* WHAT IS REQUIRED *
Retype the entries exactly. Include every line.

* DATA EXTRACTS *
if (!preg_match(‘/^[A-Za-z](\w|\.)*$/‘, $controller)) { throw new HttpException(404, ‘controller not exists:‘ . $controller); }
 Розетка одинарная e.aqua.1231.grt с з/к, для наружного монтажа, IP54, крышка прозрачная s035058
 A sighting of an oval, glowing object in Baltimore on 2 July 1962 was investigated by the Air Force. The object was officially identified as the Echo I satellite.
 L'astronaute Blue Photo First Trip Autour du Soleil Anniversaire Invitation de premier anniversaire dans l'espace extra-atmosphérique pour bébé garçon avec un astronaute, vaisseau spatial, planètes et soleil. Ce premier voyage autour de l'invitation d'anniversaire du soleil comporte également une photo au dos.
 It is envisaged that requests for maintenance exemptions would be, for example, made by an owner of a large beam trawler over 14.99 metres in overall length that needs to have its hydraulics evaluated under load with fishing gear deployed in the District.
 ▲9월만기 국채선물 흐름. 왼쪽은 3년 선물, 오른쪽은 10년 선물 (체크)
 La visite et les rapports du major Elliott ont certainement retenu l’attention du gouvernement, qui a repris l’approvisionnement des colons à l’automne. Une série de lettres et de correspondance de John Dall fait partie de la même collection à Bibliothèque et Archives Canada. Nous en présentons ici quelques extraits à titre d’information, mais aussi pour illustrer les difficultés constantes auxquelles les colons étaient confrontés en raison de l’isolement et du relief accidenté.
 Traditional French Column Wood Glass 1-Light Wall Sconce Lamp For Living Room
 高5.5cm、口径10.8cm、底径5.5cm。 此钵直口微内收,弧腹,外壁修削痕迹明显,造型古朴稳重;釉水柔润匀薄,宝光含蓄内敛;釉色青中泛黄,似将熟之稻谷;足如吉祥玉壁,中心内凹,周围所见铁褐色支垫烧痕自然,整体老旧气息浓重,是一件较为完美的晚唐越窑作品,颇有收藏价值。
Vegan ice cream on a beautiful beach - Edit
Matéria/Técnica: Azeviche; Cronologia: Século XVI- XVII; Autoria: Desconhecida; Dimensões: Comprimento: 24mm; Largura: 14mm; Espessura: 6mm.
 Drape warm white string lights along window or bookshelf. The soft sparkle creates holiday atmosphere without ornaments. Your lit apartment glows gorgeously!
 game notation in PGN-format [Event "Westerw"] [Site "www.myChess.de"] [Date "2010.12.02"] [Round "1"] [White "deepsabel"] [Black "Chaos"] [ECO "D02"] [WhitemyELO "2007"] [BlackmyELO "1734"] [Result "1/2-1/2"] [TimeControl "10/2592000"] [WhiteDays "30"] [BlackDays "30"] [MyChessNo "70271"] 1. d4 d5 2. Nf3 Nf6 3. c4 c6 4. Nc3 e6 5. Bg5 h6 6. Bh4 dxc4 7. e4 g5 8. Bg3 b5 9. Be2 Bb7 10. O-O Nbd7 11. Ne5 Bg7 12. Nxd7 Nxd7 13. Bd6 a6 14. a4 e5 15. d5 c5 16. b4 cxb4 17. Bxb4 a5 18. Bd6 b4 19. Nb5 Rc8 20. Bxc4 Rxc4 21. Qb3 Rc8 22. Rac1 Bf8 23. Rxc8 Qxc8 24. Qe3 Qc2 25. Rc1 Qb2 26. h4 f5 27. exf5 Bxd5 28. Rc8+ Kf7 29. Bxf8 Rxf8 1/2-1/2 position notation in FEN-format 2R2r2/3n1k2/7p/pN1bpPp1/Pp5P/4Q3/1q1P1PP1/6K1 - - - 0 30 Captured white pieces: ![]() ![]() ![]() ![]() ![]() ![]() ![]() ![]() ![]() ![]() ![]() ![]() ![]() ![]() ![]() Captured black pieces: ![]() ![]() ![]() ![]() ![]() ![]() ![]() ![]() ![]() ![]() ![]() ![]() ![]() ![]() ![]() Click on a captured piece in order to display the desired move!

* YOUR RESPONSE *
if (!preg_match(‘/^[A-Za-z](\w|\.)*$/‘, $controller)) { throw new HttpException(404, ‘controller not exists:‘ . $controller); }
 Розетка одинарная e.aqua.1231.grt с з/к, для наружного монтажа, IP54, крышка прозрачная s035058
 A sighting of an oval, glowing object in Baltimore on 2 July 1962 was investigated by the Air Force. The object was officially identified as the Echo I satellite.
 L'astronaute Blue Photo First Trip Autour du Soleil Anniversaire Invitation de premier anniversaire dans l'espace extra-atmosphérique pour bébé garçon avec un astronaute, vaisseau spatial, planètes et soleil. Ce premier voyage autour de l'invitation d'anniversaire du soleil comporte également une photo au dos.
 It is envisaged that requests for maintenance exemptions would be, for example, made by an owner of a large beam trawler over 14.99 metres in overall length that needs to have its hydraulics evaluated under load with fishing gear deployed in the District.
 ▲9월만기 국채선물 흐름. 왼쪽은 3년 선물, 오른쪽은 10년 선물 (체크)
 La visite et les rapports du major Elliott ont certainement retenu l’attention du gouvernement, qui a repris l’approvisionnement des colons à l’automne. Une série de lettres et de correspondance de John Dall fait partie de la même collection à Bibliothèque et Archives Canada. Nous en présentons ici quelques extraits à titre d’information, mais aussi pour illustrer les difficultés constantes auxquelles les colons étaient confrontés en raison de l’isolement et du relief accidenté.
 Traditional French Column Wood Glass 1-Light Wall Sconce Lamp For Living Room
 高5.5cm、口径10.8cm、底径5.5cm。 此钵直口微内收,弧腹,外壁修削痕迹明显,造型古朴稳重;釉水柔润匀薄,宝光含蓄内敛;釉色青中泛黄,似将熟之稻谷;足如吉祥玉壁,中心内凹,周围所见铁褐色支垫烧痕自然,整体老旧气息浓重,是一件较为完美的晚唐越窑作品,颇有收藏价值。
Vegan ice cream on a beautiful beach - Edit
Matéria/Técnica: Azeviche; Cronologia: Século XVI- XVII; Autoria: Desconhecida; Dimensões: Comprimento: 24mm; Largura: 14mm; Espessura: 6mm.
 Drape warm white string lights along window or bookshelf. The soft sparkle creates holiday atmosphere without ornaments. Your lit apartment glows gorgeously!
 game notation in PGN-format [Event "Westerw"] [Site "www.myChess.de"] [Date "2010.12.02"] [Round "1"] [White "deepsabel"] [Black "Chaos"] [ECO "D02"] [WhitemyELO "2007"] [BlackmyELO "1734"] [Result "1/2-1/2"] [TimeControl "10/2592000"] [WhiteDays "30"] [BlackDays "30"] [MyChessNo "70271"] 1. d4 d5 2. Nf3 Nf6 3. c4 c6 4. Nc3 e6 5. Bg5 h6 6. Bh4 dxc4 7. e4 g5 8. Bg3 b5 9. Be2 Bb7 10. O-O Nbd7 11. Ne5 Bg7 12. Nxd7 Nxd7 13. Bd6 a6 14. a4 e5 15. d5 c5 16. b4 cxb4 17. Bxb4 a5 18. Bd6 b4 19. Nb5 Rc8 20. Bxc4 Rxc4 21. Qb3 Rc8 22. Rac1 Bf8 23. Rxc8 Qxc8 24. Qe3 Qc2 25. Rc1 Qb2 26. h4 f5 27. exf5 Bxd5 28. Rc8+ Kf7 29. Bxf8 Rxf8 1/2-1/2 position notation in FEN-format 2R2r2/3n1k2/7p/pN1bpPp1/Pp5P/4Q3/1q1P1PP1/6K1 - - - 0 30 Captured white pieces: ![]() ![]() ![]() ![]() ![]() ![]() ![]() ![]() ![]() ![]() ![]() ![]() ![]() ![]() ![]() Captured black pieces: ![]() ![]() ![]() ![]() ![]() ![]() ![]() ![]() ![]() ![]() ![]() ![]() ![]() ![]() ![]() Click on a captured piece in order to display the desired move!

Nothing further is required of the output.